Рингрин в затруднении почесал ухо кинжалом.
— Я знаю такого профессионала, — вдруг раздался голос из темноты.
Брат и сестра обернулись на звук и увидели рыжую шевелюру, торчащую из-под лежавшей в углу медвежьей дохи.
— Кулумит! — выдохнула Ваниэль. — Что ты здесь делаешь?
Если бы Кулумит был темным эльфом, его звали бы Лисенком. Но его родители были из ледяных эльфов, осевших в Лихом Лесу после бунта Разрушителей. Имя Кулумита означало южный плод, у которого, по утверждению эльфа, шкурка была точь-в-точь такого же цвета, что и его волосы.
— Где искать повара, если не на кухне, — смущенно улыбнувшись, ответил рыжий эльф. — Я тесто поставил, хлеба на утро хотел напечь, да и задремал....
— Ты сказал, что знаешь того, кто нам нужен, — напомнил Рингрин.
— Это все бесполезно, — нервно перебила Ваниэль. — Если бы кто-нибудь из темных эльфов умел бы обращаться с гросайдечами, мы бы давно знали об этом. Он не смог бы промолчать, давно похвастался бы. Тот, кого знает Кулумит, может быть где угодно! Мандра велика!
Кулумит снова улыбнулся.
— Я даже знаю, как его найти, — сказал эльф.
Он исчез под дохой, а когда выбрался из-под нее, в руках у Кулумита был меч.
— Он подарил его мне, — сказал рыжий эльф. — На прощание. Металлы долго хранят отпечаток ауры бывшего хозяина.
Рингрин только хмыкнул.
— Что тебе нужно для поискового ритуала? — спросил он сестру.
Принц был не очень сильным магом, как и большинство темных эльфов. Отцом Ваниэль же был серый эльф, и принцесса умела и любила колдовать.
— Да пожалуй, больше ничего, — сказала Ваниэль. — Кроме имени.
— Его зовут Марфор, — ответил Кулумит. — Он сын хозяина той крепости, где сейчас живут химмельриттеры. Потом его мать ушла к Разрушителю Игнату, который и создал гросайдечей. Марфор знает о них все, и даже немного больше.
— Разрушитель проявил мудрость и терпимость, какую не часто встретишь и среди эльфов, — сказала Ваниэль задумчиво. — Игнат любил ребенка просто за то, что это сын его возлюбленной...
— Но и Моруско хорошо относится к тебе, — возразил Рингрин.
— Да, но твой отец такой один, — возразила сестра. — Мать ведь долго не могла выйти замуж второй раз. А ведь мой отец не мандречен, а тоже эльф.
Она встряхнула головой.
— Давай меч, — сказала Ваниэль. — Посмотрим, где он теперь, этот Марфор. Тот, кто знает о гросайдечах все и даже немного больше.

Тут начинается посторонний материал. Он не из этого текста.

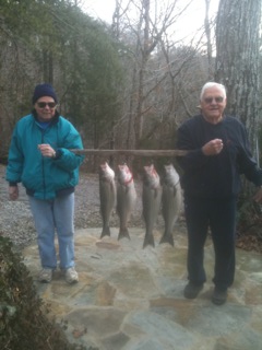 O.K. Here are pics of the stripers. Got to the lakehouse on 12-26 and fished every morning for a week in temps in the low 30's. Caught fat stripers all week. Boat is covered with propane heater so we were comfy. I grilled them, fried them and gave some to neighbors. (I'm the platinum blond on the right).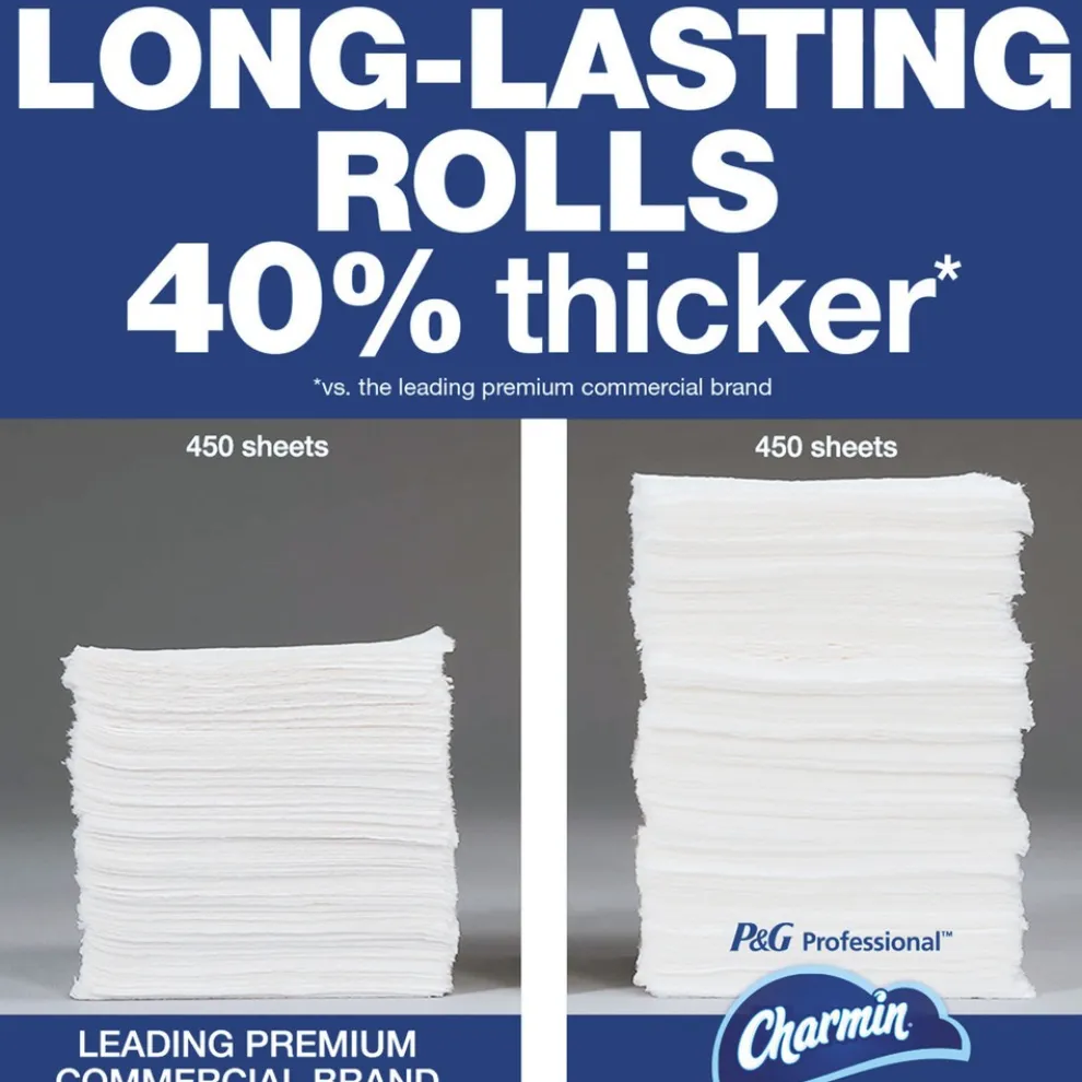 Introducing Charmin Toilet Paper for commercial use! Provide your guests with a noticeably softer bathroom experience. With 40% thicker and 40% more absorbent toilet paper rolls, Charmin is long-lasting and a great value for your business. Charmin Commercial Toilet Paper Rolls are perfect for hospitality, restaurants, and other businesses that want to provide more softness and strength for a superior guest experience.

Северный ветер беспрепятственно гулял по смотровой площадке башни Золотых Кос. Заглядывал под припорошенные снегом каменные скамьи, целовал холодные, почерневшие от времени и мороза носы лошадок из серого глоссдольского мрамора, поставленных здесь еще Каранурумом Феанорингом.

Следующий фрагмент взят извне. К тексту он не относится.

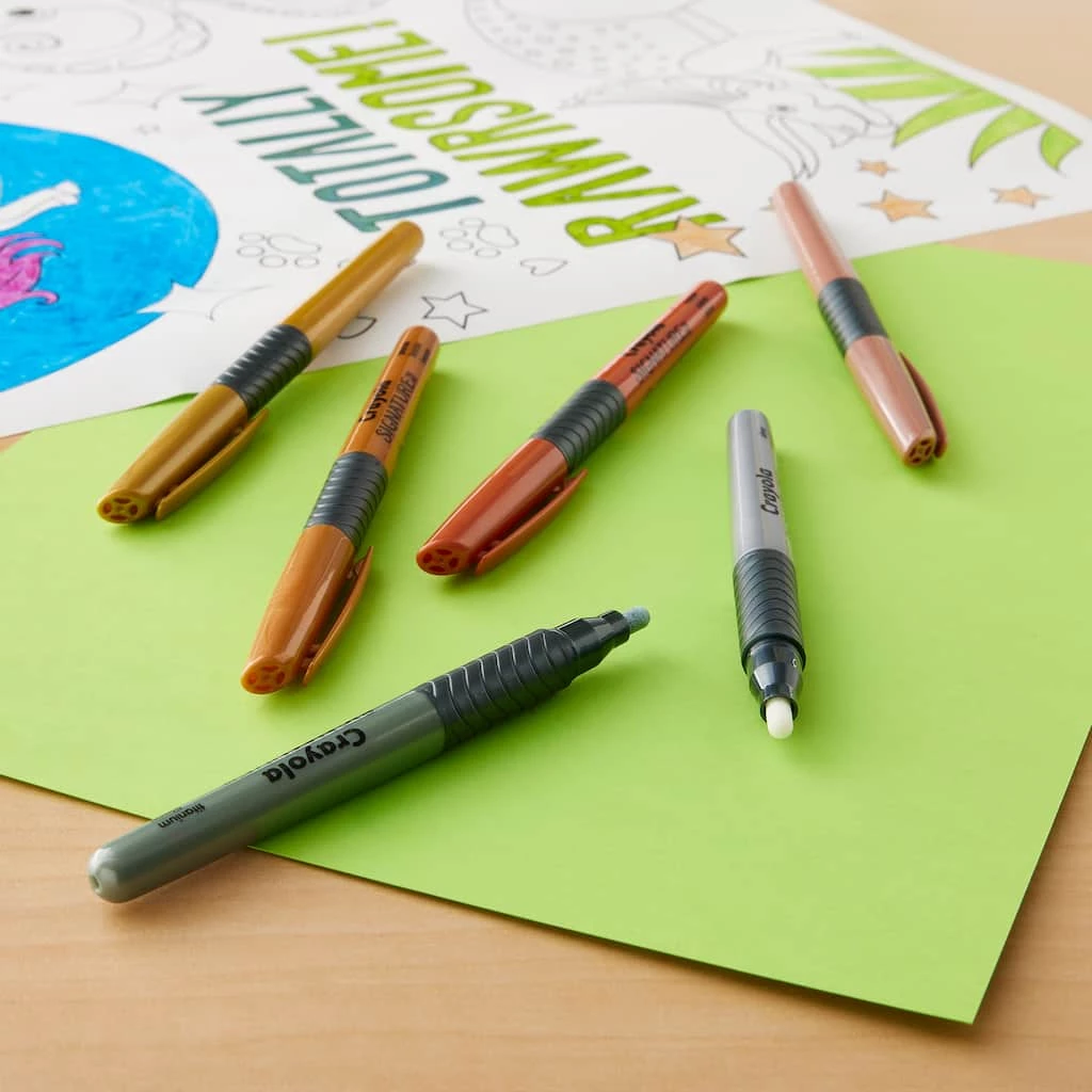 Crayola Signature Liquid Metal Permanent Art Markers add an extra sleek sheen to school projects, hand lettering, homemade cards, crafts, and other colorful art projects. Works great on poster board, foam board, regular paper, construction paper, wax paper, cardboard and even wood! Includes 6 Permanent Markers with paint-like inks and a liquid metal shine. Included colors are Gold, Rose Gold, Silver, Bronze, Copper, and Titanium.

Гюнтеру впервые в жизни хотелось плакать. Он никогда не знал своей матери, и теперь провожал идущего на смерть отца. Шатт вообще улетел из Цитадели, чтобы не прощаться с Вольфом.
Вряд ли бы темным эльфам удалось уничтожить гросайдечей, с которыми им раньше никогда не приходилось иметь дела. Но девятерым химмельриттерам предстояло возвращаться назад над бушующим океаном огня, и особенно малы были шансы на благополучное возращение у тройки Вольфа. Им предстояло поджечь Железный Лес от залива Полумесяца, с самого восточного его края. Их обратный путь над пламенем был самым длинным.

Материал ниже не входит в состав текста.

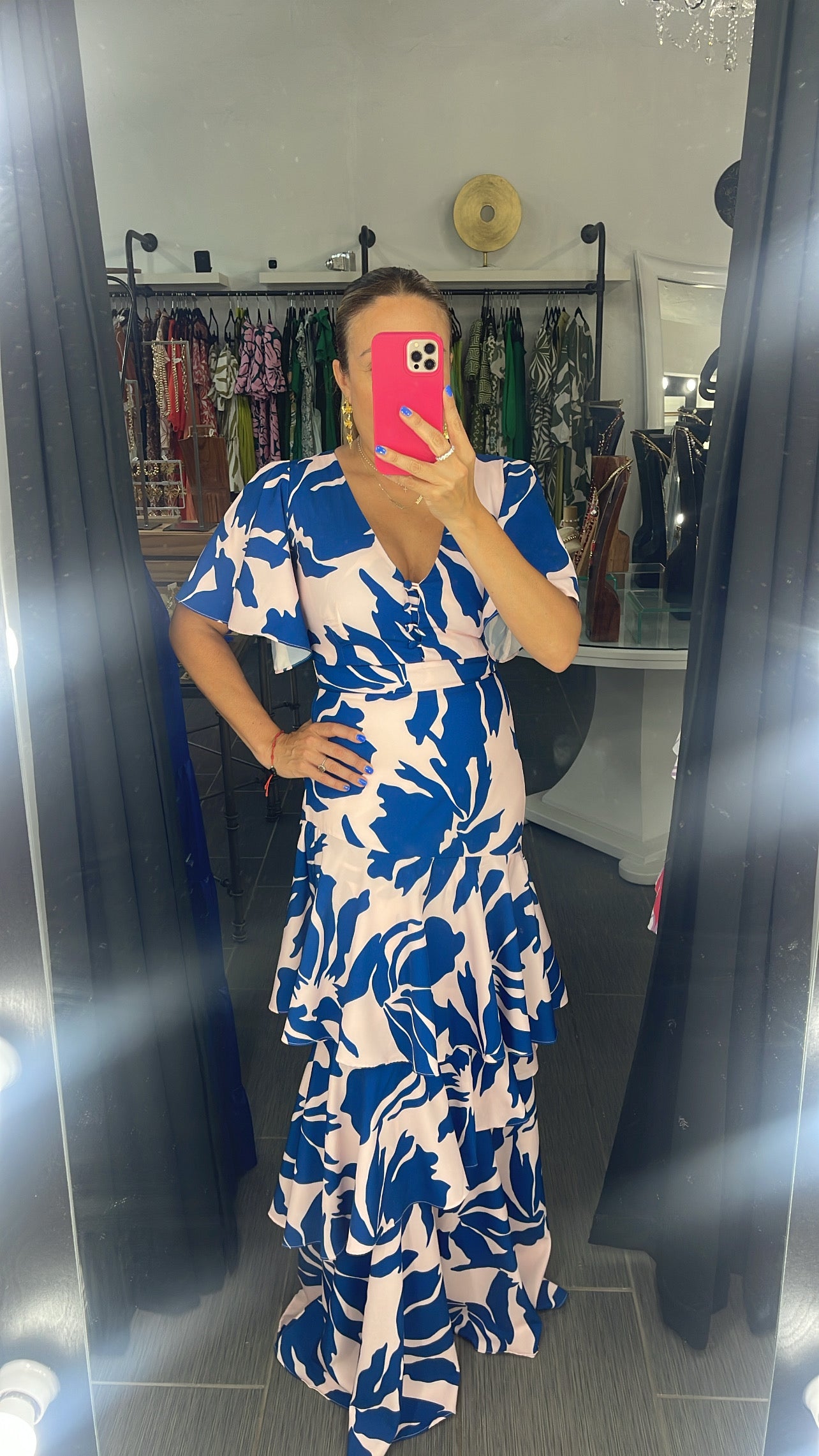 Cap ruffle sleeves and button detail in front with tiered ruffle hems dress.

— Но почему же он послал самых лучших, — вырвалось у Гюнтера.
Вольф стоял у бронзовых перил террасы. Он часто бывал здесь, наблюдал сверху за повседневной жизнью Цитадели. Вольфу нравилась площадка, и Гюнтер знал, почему. Из прутьев были любовно сплетены силуэты огромных рысей. Бронзовое ограждение было, пожалуй, единственным, что уцелело от основателей замка — фон Татцельбергов, оборотней из клана лесных кошек. А металлы очень долго сохраняют в себе отпечаток ауры своих хозяев. Между кланами вервольфов и татцелей никогда не было большой дружбы, но теперь дыхание давно ушедших оборотней казалось Вольфу чем-то родным и ободряло.
— Главный Химмельриттер отобрал тех, кто ему мешает, от кого он давно хотел избавиться, — рассеянно ответил Вольф. — Сын Игната слишком авторитетен, он у Эдмунда как бельмо в глазу. Ну, про мою репутацию не будем говорить... А Брунгильде надо было спать с Эдмундом, а не со мной.
Фон Штернхерц добавил тихо:
— И это единственное, о чем я жалею.
Он повернулся к сыну.
— Но больше я не жалею ни о чем. Я всю жизнь мечтал летать, и я сделал это. Никогда не предавай свою мечту, Гюнтер. Делай то, что хочется. Когда я отказался от мечты, моя душа покинула меня, а в меня вошел сам Локи, и если бы не Рейнарт...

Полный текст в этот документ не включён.